What Is a Pre-Approval Letter?
When the lender has gone through all your information and reaches an estimate, they send you a preapproval letter showing that they have verified your financials. This is important because:
- Real estate agents want to see the preapproval confirmation before they start showing you homes in order to narrow their search.
- Home sellers will have more confidence in your ability to purchase the home when an offer is made.
A mortgage preapproval letter will include:
- Your pre-approved loan amount
- Your mortgage interest rate
- Your mortgage loan term
- Your loan type
- Your loan LTV
- Preapproval expiration date
- Conditions to credit approval
Getting a Mortgage Preapproval Online
You can apply for a mortgage preapproval online in minutes, or you can apply for a mortgage preapproval over the phone or in person. Different lenders have different preapproval processes.
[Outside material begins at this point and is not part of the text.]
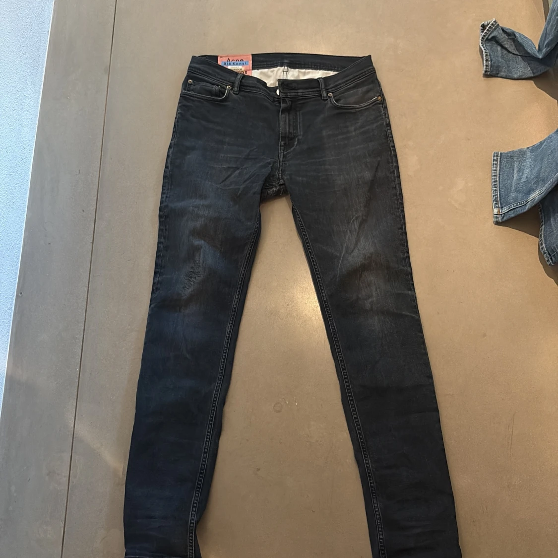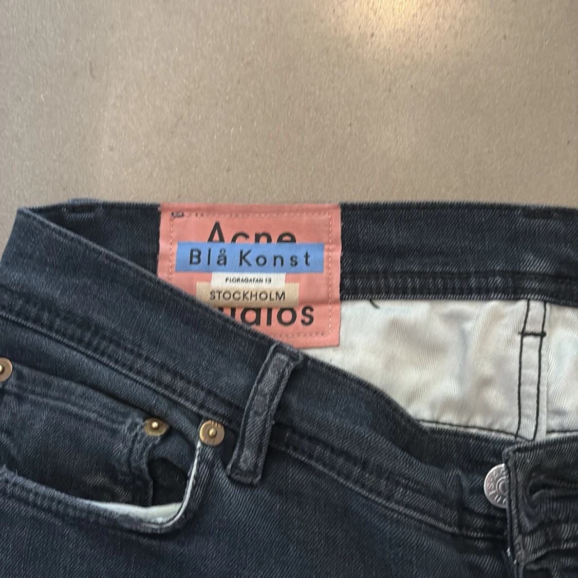 Snygga svarta jeans från Acne Studios Blå Konst med klassisk femficksdesign och diskreta slitningar. Jeansen är i strl 33 och i fint skick, jeansen är lagade i grenen👍

Here’s how to get a mortgage preapproval at some of the largest mortgage lenders in the United States.
Bank of America Mortgage Pre-Approval
Bank of America allows you to prequalify for a mortgage through their Digital Mortgage Experience. You'll need to provide information about your income and bank accounts, and also provide your Social Security number for a credit check.
You won’t be able to get a mortgage preapproval with Bank of America online. That's because you will be required to submit documents such as your pay stubs, W-2 forms, and tax returns. You'll get the results of a prequalification in as little as one hour, while a preapproval with Bank of America can take 10 business days or more.
Wells Fargo Mortgage Pre-Approval
You can’t get a preapproval online with Wells Fargo, but you can get prequalified instantly. To get prequalified with Wells Fargo, you won't need to submit any personal information. No credit check is required either. Instead, you'll enter the price of the home, the down payment you are planning to make, the property location, your income, your monthly debt, and your estimated credit score range.
If you're prequalified, you'll be able to know how much you can qualify for, based on your down payment and home sales price, along with your estimated monthly mortgage payment and cash required at closing.
Navy Federal Mortgage Pre-Approval
Navy Federal lets you apply for a mortgage preapproval online. You may get instantly preapproved with Navy Federal, or it may take longer based on your application. Navy Federal preapprovals are valid for up to 90 days. Your information will still need to be verified even after you have been preapproved, which will require you to submit documents such as your tax returns, pay stubs, W-2 forms, and bank account information.
Chase Mortgage Pre-Approval
Chase lets you get prequalified for a mortgage online. You'll be able to receive a quoted interest rate based on your credit score and LTV. Other factors that Chase considers is your employment history, income, assets, and the property being financed. Chase requires you to submit your Social Security number in order to get prequalified for a mortgage.